# SR40 Loading issue



## USA_SHARK (Nov 4, 2012)

Hi all,

New to the forum and new to the Ruger SR40. Took it to the range last weekend for the first time and had an issue manually loading the first round.

When the slide is closed and not cocked, when I insert the magazine and manually pull the slde back and forward to put a round in the chamber, it does not properly insert the round and gets stuck between the magazine and the chamber, requiring me to release the magazine and remove the rounds.

However, when the slide is open, and I insert the magazine and manually move the slide forward, it works with no problem at all. My friend who owns several handguns also tried with the same issue.

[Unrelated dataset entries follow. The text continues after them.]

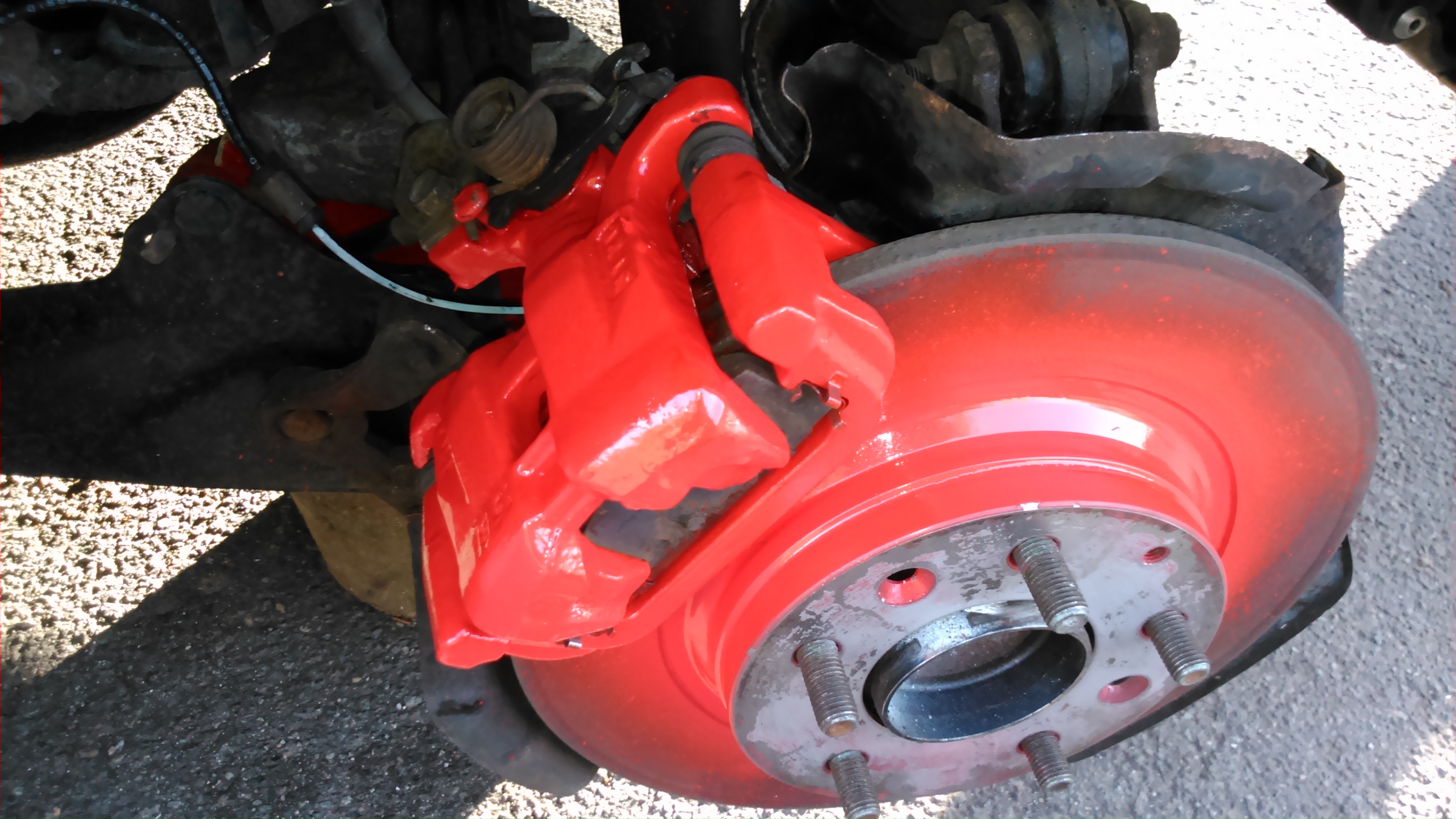 Strona kierowcy tył gotowa i czeka już tylko na koło ale mam zablokowany lewarek bo prawa strona stoi na nim i czekam jeszcze 30 min aż wyschnie zacisk. Z tarcz tylko klocki muszą zetrzeć lakier bo zapomniałem z domu nitro i nie mam czym zmyć nadmiaru lakieru
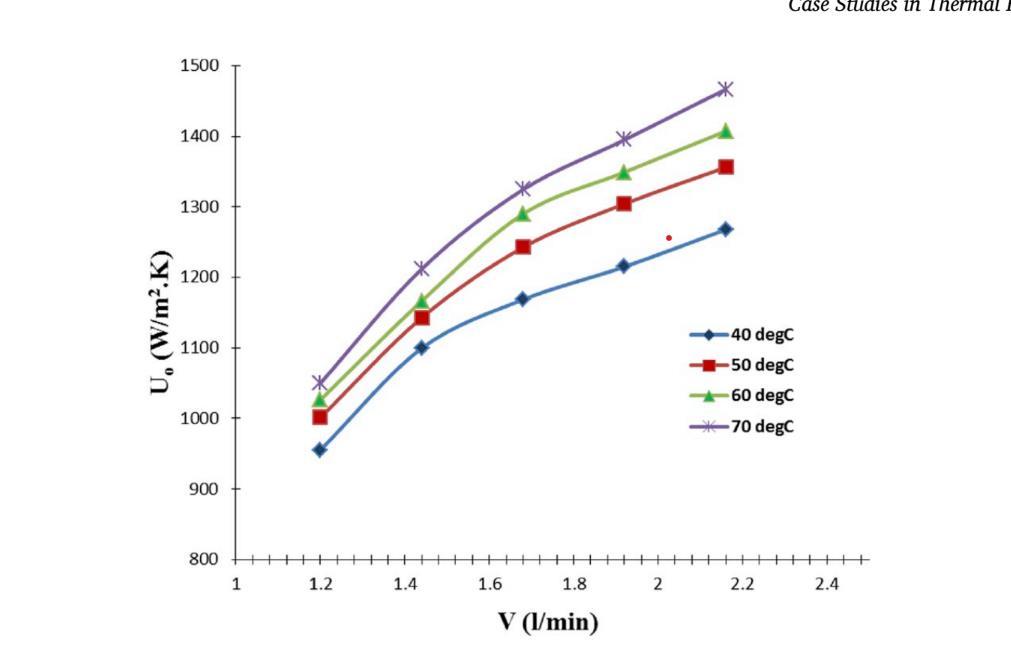 the hot side flow rate increases, the convective heat transfer coefficient also increases. At higher tube side flow rates, the influenceofthehotfluidinlettemperatureontheheattransfercoefficientishigher.Thehighestvalueoftheconvective heat transfercoefficient(Uo)was1466W/m^2×Kataflowrateof2.16l/minandaninlettemperatureof70°C.Thisrepresentsan increaseof15.6%comparedtoitsvalueat40°C[1].
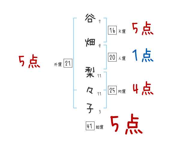 外運![]() | 谷畑梨々子さんの外運は21画の5つ星!統率力がある。独立し成功する。名誉を手に入れる。 生活面を象徴する運勢です。外部から受ける影響力を表し、結婚運、家庭運や職場、環境への順応性を表します。 |
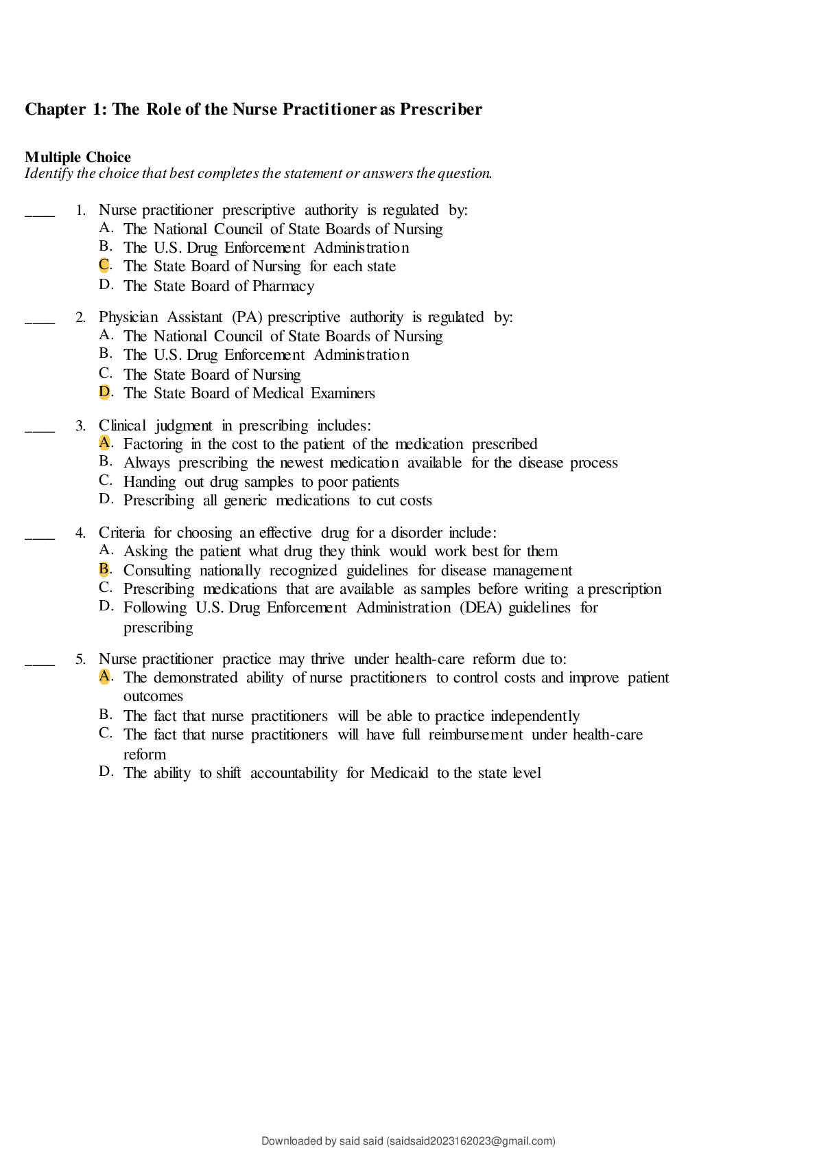 Education > TEST BANKS > TEST BANK Advanced Practice Nursing Essentials for Role Development 4th Edition (All)
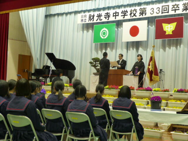 昨日、財光寺中学校卒業式に参加しました。厳かにそして華やかに、すばらしい卒業式だったと思いました。9年間の義務教育を経て、いよいよ羽ばたく若者たちなんだなあと感動しました。老兵は去るのみです。次は小学校の番です。私たちも中学校の卒業式に負けないようがんばります。
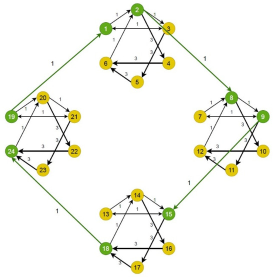 Consider N = 24 agents sharing states via the directed ring graph of Figure 5, where the green nodes in each subgraph transmit/receive information to/from other subgraphs and the Laplacian has the eigenvalue spectrum
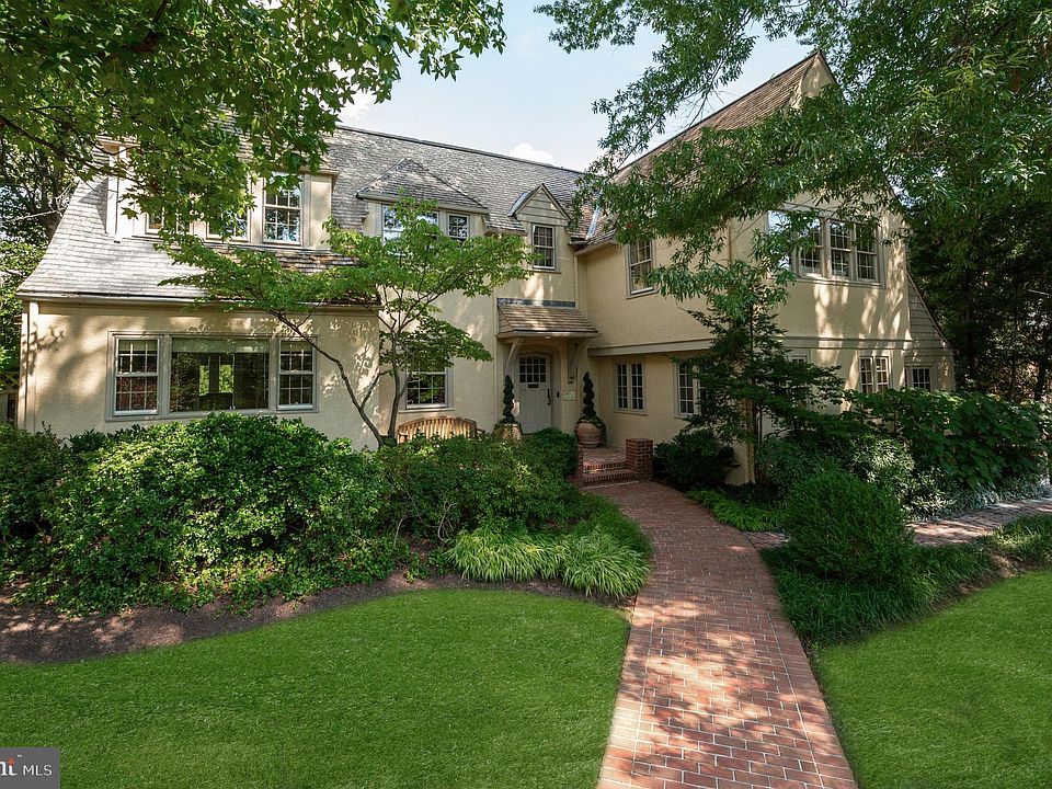 Synonymous with architectural charm and timeless appeal, the grand homes of Wesley Heights are among Washington’s most desirable. Within this verdant enclave lies 2927 44th Street NW, a European-inspired Tudor originally constructed in 1927. Perfectly sited just above street level on a private double corner lot of nearly half an acre, the residence combines historic character with thoughtful modern updates implemented beautifully by Solis Betancourt. A brick walkway meanders through the manicured front lawn, traversing a brick retaining wall upon which a neatly-trimmed row of hedges sits. The residence, with its gables, dormers, and cream stucco exterior, exudes the quintessential Tudor charm. The main entrance is located off a cozy brick patio beneath a petite portico, opening to reveal 5,100 square feet of ethereal interiors. The foyer introduces bright wood floors, sleek recessed lighting, and the grand staircase with an artful wrought iron baluster. Designed for large-scale entertaining, the formal living room spans 27 feet in depth and features a roaring wood burning fireplace framed by two sets of French doors elegantly opening onto the rear terrace to introduce an al fresco lifestyle. A sunroom is tucked away, with large picture windows overlooking the front grounds and a wall of built-ins for a quiet reading nook. Likewise, another sunroom is attached to the embassy-sized formal dining room, ideal as a private office. At the heart of the home’s informal wing is an open concept kitchen and family room. The former balances form and function with cathedral ceilings, granite counters, ample cabinetry, and top-of-the-line appliances from Thermador and SubZero. The latter features soaring vaulted and beamed ceilings with skylights, augmenting open sightlines to the rear patio via glass doors. A discreet wing contains a full main level bedroom suite. The upper level primary suite is entered via a dedicated vestibule within its own wing. A private sitting area is flooded with natural light. Ubiquitous luxuries include a gallery-like walk-in closet lined with built-ins and a marble bath with dual vanities, soaking tub, and heated towel rack for a sanctuary of comfort. Two additional bedrooms are located on the opposite side of the upper level, each with built-ins, expansive windows, and ensuite baths. On the loft level above is a fifth bedroom suite and attached bonus room. A sixth bedroom, ideal for an au pair or in-law suite, is found on the lower level in addition to a full bath and generous laundry room. A practical driveway runs along the side of the home, leading to the carport, motor court, and a detached room which serves as an exemplary fitness center, yoga studio, or zen space. Evoking cues of the Cotswolds with its yellow pebble paths and geometric greenery, the rear lawn, designed by Katia Goffin, was celebrated in Home & Design Magazine, exemplifying a seamless blend of hardscape and horticultural artistry. An elevated brick patio surrounds the heated lap pool, from which a sweeping view of the masterful grounds can be captured. Without peer in terms of location, the home is less than half a mile from Foxhall Square, 1.5 miles from the vibrant establishments of the Palisades’ main street, and just over two miles to Georgetown. Gracefully uniting timeless design, luxurious amenities, and extraordinary grounds, 2927 44th Street NW is a historic Tudor reimagined for modern living.
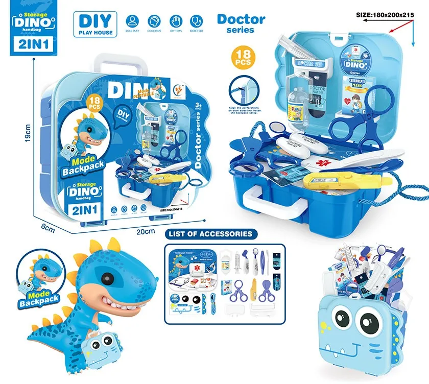 EPT Kids Customize Simulation Tools Makeup Dressing Kit Dinosaur Backpack Toy Pretend Play Toys
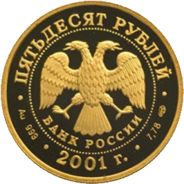 - Монета из золота 900 пробы номиналом 50 рублей тиражом 1 500 штук.
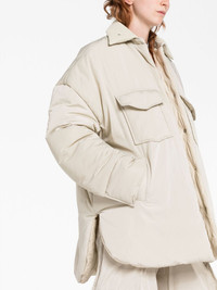 padded buttoned oversized coat Highlights - Sand beige - Cotton - Puffball design - Silver-tone logo plaque - Tonal stitching - Pointed flat collar - Concealed front press-stud fastening - Extra-long sleeves - Two chest flap pockets - Two side welt pockets - Straight hem Made in Italy Composition Lining: Polyester 100% Outer: Cotton 100%, Polyester 100% SIZE & FIT Model measurements Height 5 ft 10 in(1.77 m) Bust/Chest 27.95 in(71 cm) Hips 33.85 in(86 cm) Waist 23.22 in(59 cm) Measurement SLEEVE LENGTH 20.86 in(53 cm) LENGTH 30.7 in(78 cm) FittingInformation Designed to be unstructured, offering a loose fit throughout Made from a midweight non-stretch fabric This piece fits true to size – take your usual size
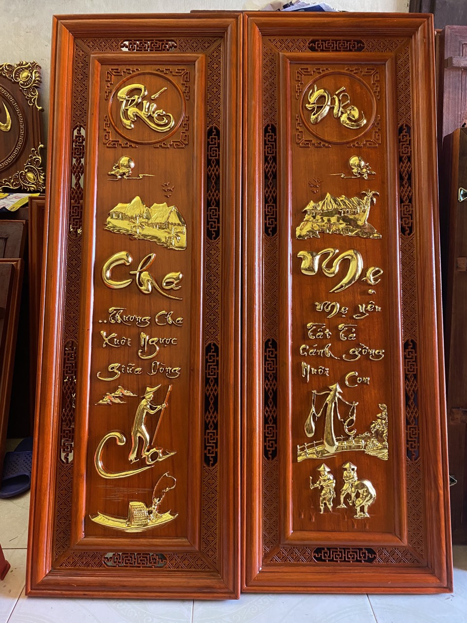 ✨Cặp tranh câu đối treo tường trạm khắc chữ cha mẹ bằng gỗ hương đỏ ,tô sơn son dát vàng cao cấp kt 37×117×3cm

Anyone had this problem? It was cleaned and lubed before taking it out for the first time. Break in issue? Any thoughts or suggestions? 

Thanks.


----------



## bigplow (Oct 1, 2012)

are sr9s will do it if you dont pull it back far enough and let it slam closed if you let it back easy it does the same as yours my dads taurus 709 is the same way


----------



## USA_SHARK (Nov 4, 2012)

bigplow said:


> are sr9s will do it if you dont pull it back far enough and let it slam closed if you let it back easy it does the same as yours my dads taurus 709 is the same way


Thanks Bigplow. Seems like a design flaw? My buddie's Sig and Beretta didn't have this problem.


----------



## Ala Tom (Apr 1, 2011)

I think Ruger warns against manually loading the chamber. In my SR40C I always load from the magazine and then add a round to the magazine if desired.


----------